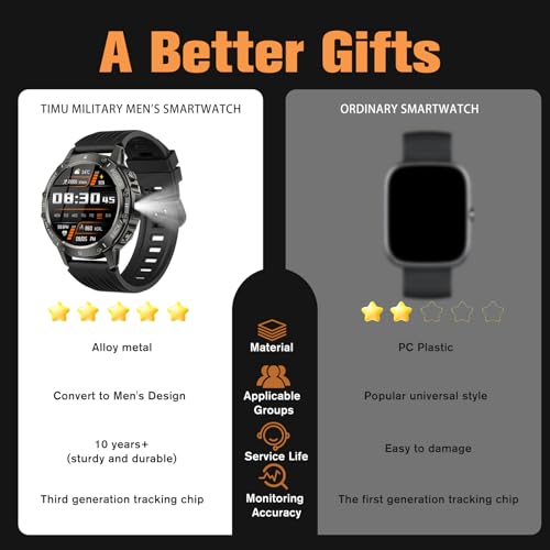 【Military-Grade Quality and 30-Day Battery Life】The smart watch for men features a casing made of aerospace-grade aluminum alloy, successfully passing 12 military-grade tests, ensuring durability, water resistance, dust resistance, and the ability to withstand all extreme environments. The android smart watch is equipped with a high-density lithium-ion battery, providing you with 30 days of standby time, 7 days of daily use, and only 1.5 hours of charging.
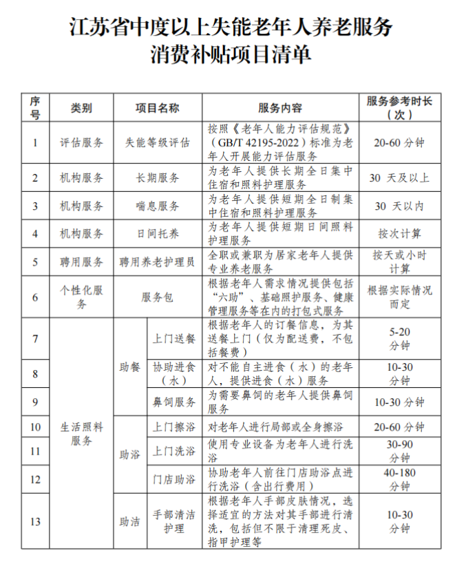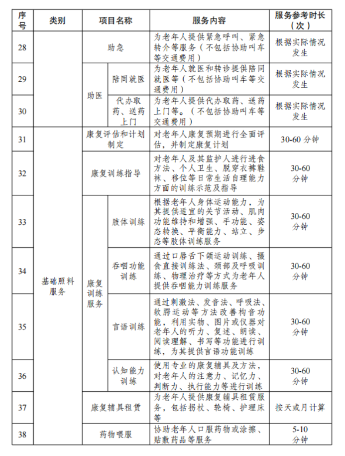 包括助餐、助浴、助洁、助行、助急、助医服务,以及康复护理、辅具租赁、健康管理等服务。
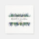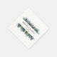 Les serviettes personnalisées mariages représentent un design simple et moderne d'aquarelle avec des pins verts, lavande, violet et or. Elles comportent des noms et des dates.
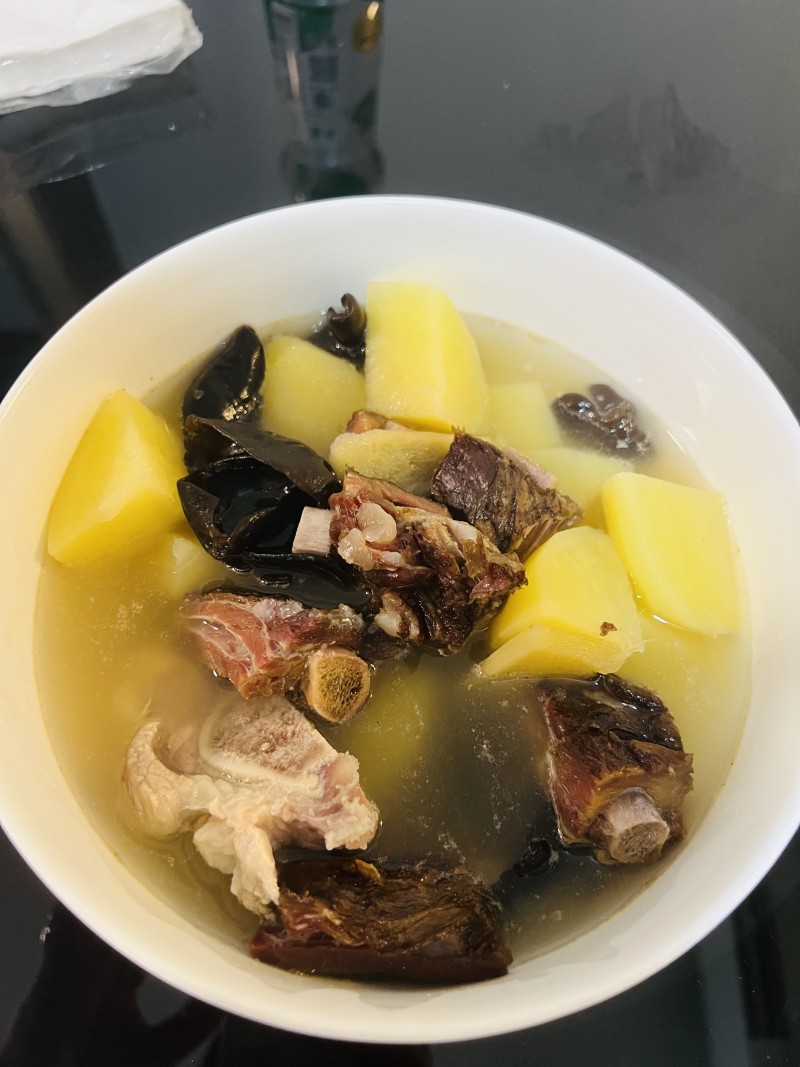 2:放入泡好的木耳,煮40分钟,然后放入土豆。
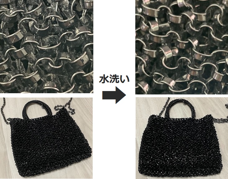 特に黒いバッグだと目立ちやすく、どうやって落とせばいいのか悩みますよね。この記事では、実際に水洗いしてみた方法と、洗った後の仕上がりを写真付きでご紹介します。ワイヤーバッグのお手入れに悩んでいる方は、ぜひ参考にしてみてください。
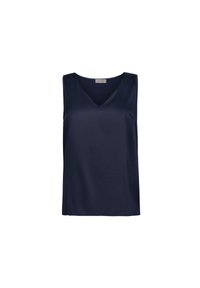 Haut sans manches en satin noir avec un décolleté en V profond, texture lisse et bords nets, conçu pour une silhouette ajustée.
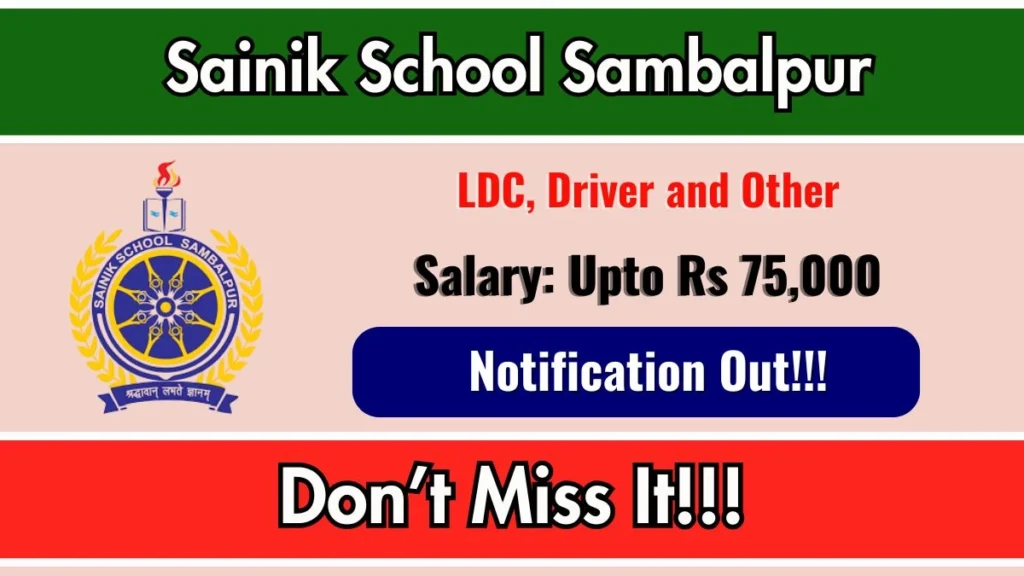 Sainik School Sambalpur has released an official notification for the recruitment of 13 LDC, Driver and Other Posts. Interested and eligible candidates can apply Offline through the official Sainik School Sambalpur website. The last date to submit the application form is 23-01-2026. In this article, you’ll find the Sainik School Sambalpur LDC, Driver and Other Posts recruitment details, including eligibility criteria, age limit, salary structure, selection process, application steps, and direct links to the official notification and Offline application form.
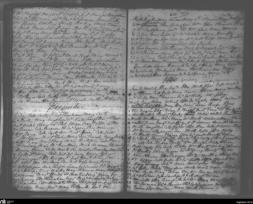 Youghal; County of Cork; Diocese of Cloyne. Baptisms, Nov. 1809 to Jan. 1810
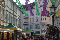 0 pobrań 271 odsłon 5.66 średnia ocen Poprzednie i następne zdjęcia Grunberger Obiekty widoczne na zdjęciu Winobranie więcej zdjęć (95) Atrakcja turystyczna W 1852 r Święto Winobrania stało się oficjalnym świętem ,które sprzyjało zabawie i propagowaniu Zielonej Góry. Termin ustalała rada miasta , ponieważ zbiory winogron zaczynały się w różnych okresach. Korowód winobraniowy w 1900 r był pierwszym w dziejach miasta tak dobrze udokumentowanym pochodem na fotografiach. W/g tradycji ustnej pierwsze winnice powstały w rejonie Zielonej Góry około 1150 r. Pierwsze pisemne wzmianki pochodzą z 1314 r. Założyli je flamandzcy osadnicy ,którzy przyjechali do Zielonej Góry przywożąc ze sobą sadzonki oraz umiejętności zakładania i prowadzenia winnic. Mimo, że chociaż obecnie nie ma już tak dużo plantacji winogron i wytwórni , święto winobrania obchodzone jest nadal hucznie i wesoło. Wydarzenia więcej zdjęć (3) ul. Żeromskiego Stefana więcej zdjęć (214) Dawniej: Niedertorstrasse |
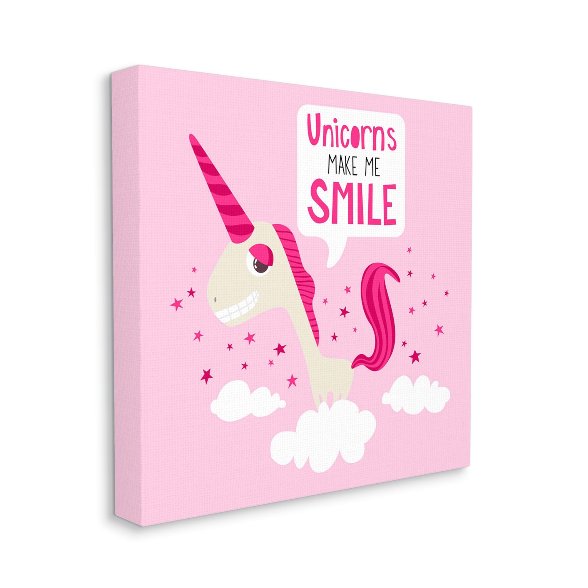 Stupell Industries Unicorns Make Me Smile Phrase Happy Pink Unicorn Canvas Wall Art
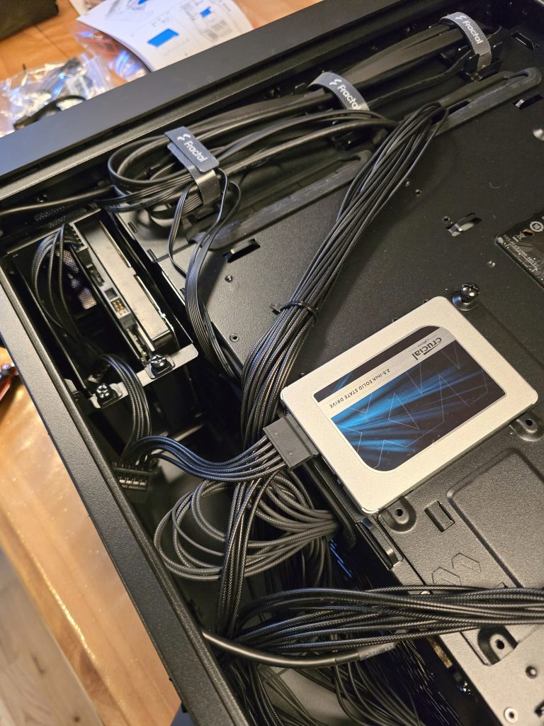 What does SATA mean? SATA stands for Serial Advanced Technology Attachment but you don’t need to know that – it’s just one way for the computer to connect to storage devices like SSDs. Installing my SATA drives was a little tricky given the space restrictions at the bottom of the case, but with some patience I managed it without too many problems.
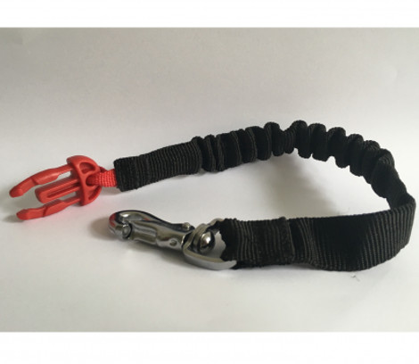 La sangle d’attache est dotée d’un mousqueton qui facilite ainsi l’accroche à la sangle de selle, elle-même fixée aux couteaux d’étrivières .
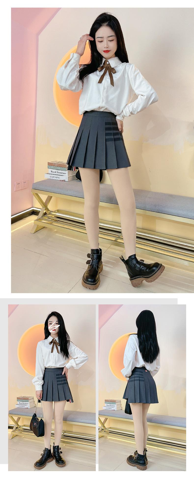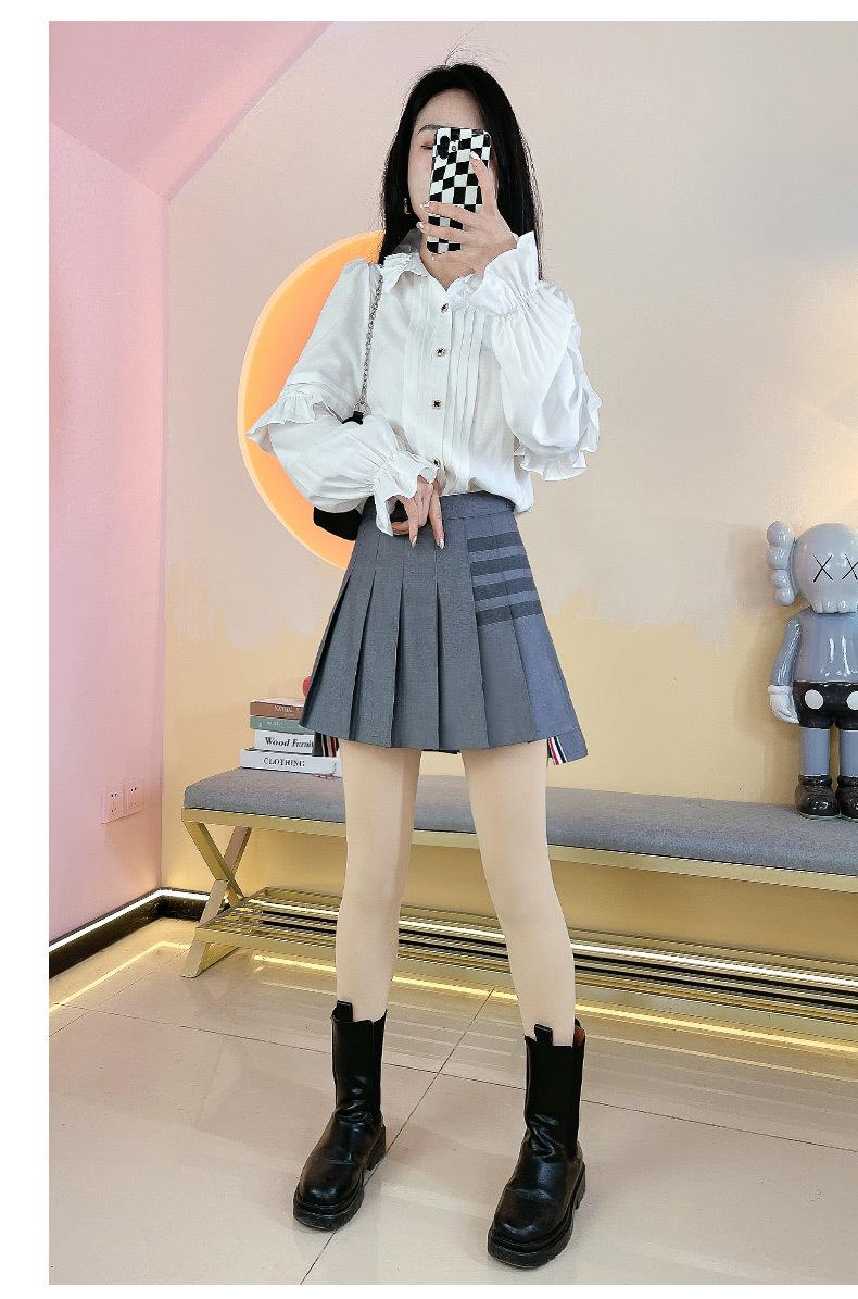 Falda Plisada Falda de Otoño e Invierno para Mujer Irregular Adelgazante Cintura Alta Falda Línea A Gris Estilo Universitario Europeo y Americano

§ §

INSTRUCTIONS FOR THE TASK: When you repeat the data, keep it exact and drop every picture.

TASK RESPONSE:
 【Military-Grade Quality and 30-Day Battery Life】The smart watch for men features a casing made of aerospace-grade aluminum alloy, successfully passing 12 military-grade tests, ensuring durability, water resistance, dust resistance, and the ability to withstand all extreme environments. The android smart watch is equipped with a high-density lithium-ion battery, providing you with 30 days of standby time, 7 days of daily use, and only 1.5 hours of charging.
 包括助餐、助浴、助洁、助行、助急、助医服务,以及康复护理、辅具租赁、健康管理等服务。
 Les serviettes personnalisées mariages représentent un design simple et moderne d'aquarelle avec des pins verts, lavande, violet et or. Elles comportent des noms et des dates.
 2:放入泡好的木耳,煮40分钟,然后放入土豆。
 特に黒いバッグだと目立ちやすく、どうやって落とせばいいのか悩みますよね。この記事では、実際に水洗いしてみた方法と、洗った後の仕上がりを写真付きでご紹介します。ワイヤーバッグのお手入れに悩んでいる方は、ぜひ参考にしてみてください。
 Haut sans manches en satin noir avec un décolleté en V profond, texture lisse et bords nets, conçu pour une silhouette ajustée.
 Sainik School Sambalpur has released an official notification for the recruitment of 13 LDC, Driver and Other Posts. Interested and eligible candidates can apply Offline through the official Sainik School Sambalpur website. The last date to submit the application form is 23-01-2026. In this article, you’ll find the Sainik School Sambalpur LDC, Driver and Other Posts recruitment details, including eligibility criteria, age limit, salary structure, selection process, application steps, and direct links to the official notification and Offline application form.
 Youghal; County of Cork; Diocese of Cloyne. Baptisms, Nov. 1809 to Jan. 1810
 0 pobrań 271 odsłon 5.66 średnia ocen Poprzednie i następne zdjęcia Grunberger Obiekty widoczne na zdjęciu Winobranie więcej zdjęć (95) Atrakcja turystyczna W 1852 r Święto Winobrania stało się oficjalnym świętem ,które sprzyjało zabawie i propagowaniu Zielonej Góry. Termin ustalała rada miasta , ponieważ zbiory winogron zaczynały się w różnych okresach. Korowód winobraniowy w 1900 r był pierwszym w dziejach miasta tak dobrze udokumentowanym pochodem na fotografiach. W/g tradycji ustnej pierwsze winnice powstały w rejonie Zielonej Góry około 1150 r. Pierwsze pisemne wzmianki pochodzą z 1314 r. Założyli je flamandzcy osadnicy ,którzy przyjechali do Zielonej Góry przywożąc ze sobą sadzonki oraz umiejętności zakładania i prowadzenia winnic. Mimo, że chociaż obecnie nie ma już tak dużo plantacji winogron i wytwórni , święto winobrania obchodzone jest nadal hucznie i wesoło. Wydarzenia więcej zdjęć (3) ul. Żeromskiego Stefana więcej zdjęć (214) Dawniej: Niedertorstrasse |
 Stupell Industries Unicorns Make Me Smile Phrase Happy Pink Unicorn Canvas Wall Art
 What does SATA mean? SATA stands for Serial Advanced Technology Attachment but you don’t need to know that – it’s just one way for the computer to connect to storage devices like SSDs. Installing my SATA drives was a little tricky given the space restrictions at the bottom of the case, but with some patience I managed it without too many problems.
 La sangle d’attache est dotée d’un mousqueton qui facilite ainsi l’accroche à la sangle de selle, elle-même fixée aux couteaux d’étrivières .
 Falda Plisada Falda de Otoño e Invierno para Mujer Irregular Adelgazante Cintura Alta Falda Línea A Gris Estilo Universitario Europeo y Americano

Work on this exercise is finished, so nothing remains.